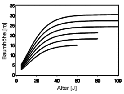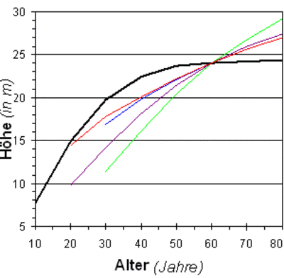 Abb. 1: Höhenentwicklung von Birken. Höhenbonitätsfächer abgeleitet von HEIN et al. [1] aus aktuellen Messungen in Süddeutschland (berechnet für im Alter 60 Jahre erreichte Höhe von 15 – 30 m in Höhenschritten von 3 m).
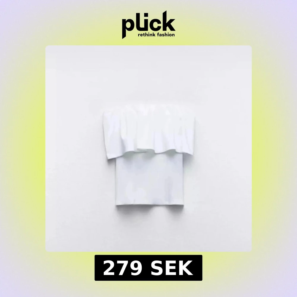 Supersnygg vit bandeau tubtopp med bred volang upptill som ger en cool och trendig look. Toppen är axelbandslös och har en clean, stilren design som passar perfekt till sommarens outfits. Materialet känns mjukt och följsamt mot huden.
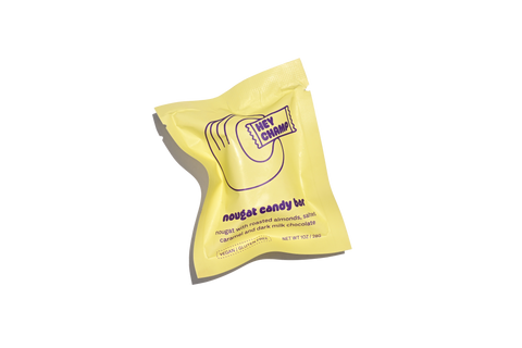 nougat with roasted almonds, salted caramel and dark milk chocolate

++++++++++++++++++++

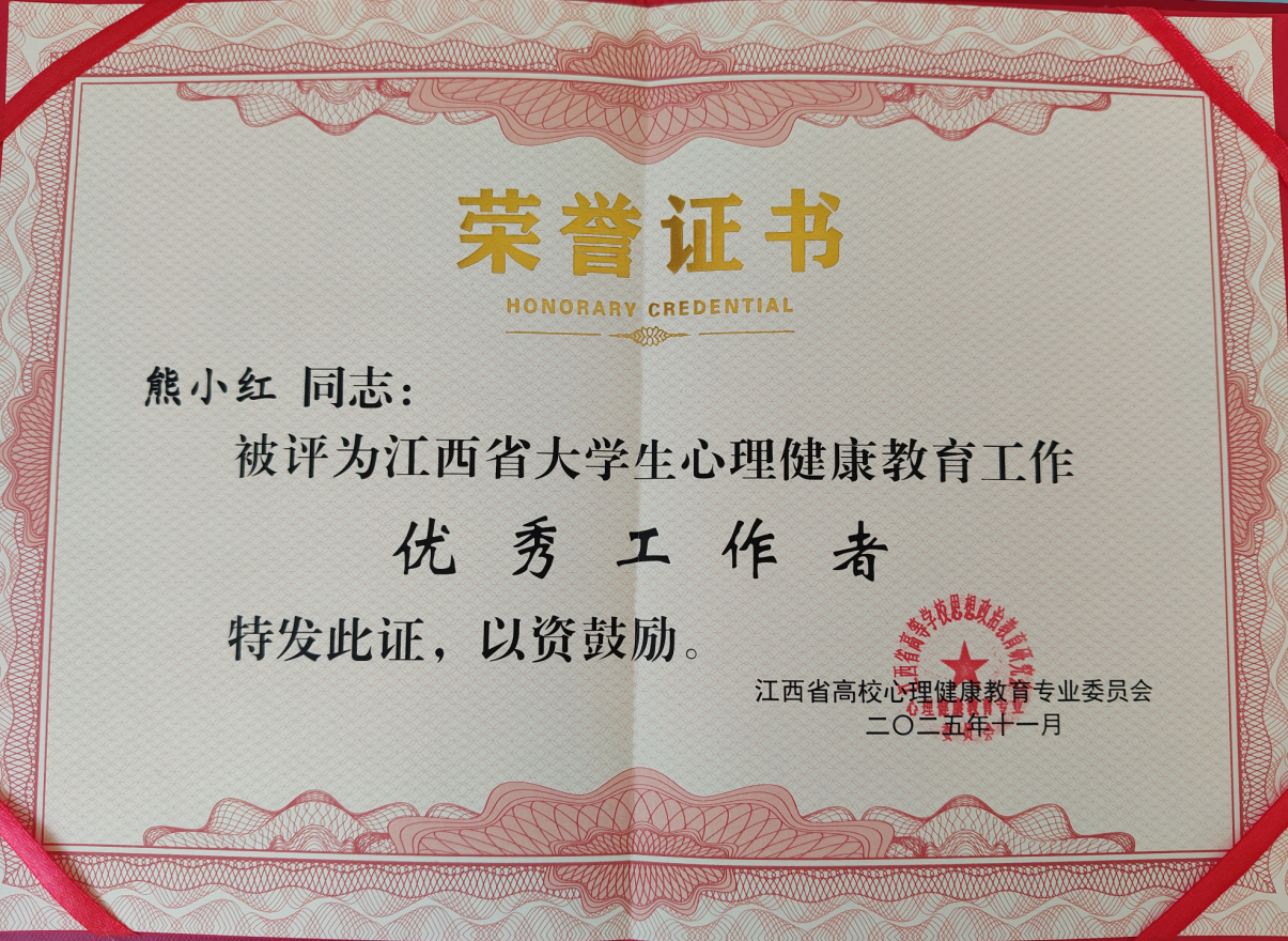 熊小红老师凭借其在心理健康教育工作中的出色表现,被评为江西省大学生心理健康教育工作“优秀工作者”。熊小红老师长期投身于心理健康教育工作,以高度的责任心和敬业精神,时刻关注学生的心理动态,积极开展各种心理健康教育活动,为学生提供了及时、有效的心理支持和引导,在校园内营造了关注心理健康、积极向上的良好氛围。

++++++++++++++++++++

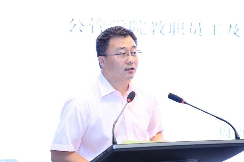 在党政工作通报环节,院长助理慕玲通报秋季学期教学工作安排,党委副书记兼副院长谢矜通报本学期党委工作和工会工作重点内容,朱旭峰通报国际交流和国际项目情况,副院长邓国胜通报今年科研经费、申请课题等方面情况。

++++++++++++++++++++

DESCRIPTION OF THE TASK — Transcribe only the lines above that start at the line containing "Abb. 1: Höhenentwicklung" and end at the line containing "nougat with roasted". Omit pictures.

OUTPUT OF THE EXERCISE —
 Abb. 1: Höhenentwicklung von Birken. Höhenbonitätsfächer abgeleitet von HEIN et al. [1] aus aktuellen Messungen in Süddeutschland (berechnet für im Alter 60 Jahre erreichte Höhe von 15 – 30 m in Höhenschritten von 3 m).
 Supersnygg vit bandeau tubtopp med bred volang upptill som ger en cool och trendig look. Toppen är axelbandslös och har en clean, stilren design som passar perfekt till sommarens outfits. Materialet känns mjukt och följsamt mot huden.
 nougat with roasted almonds, salted caramel and dark milk chocolate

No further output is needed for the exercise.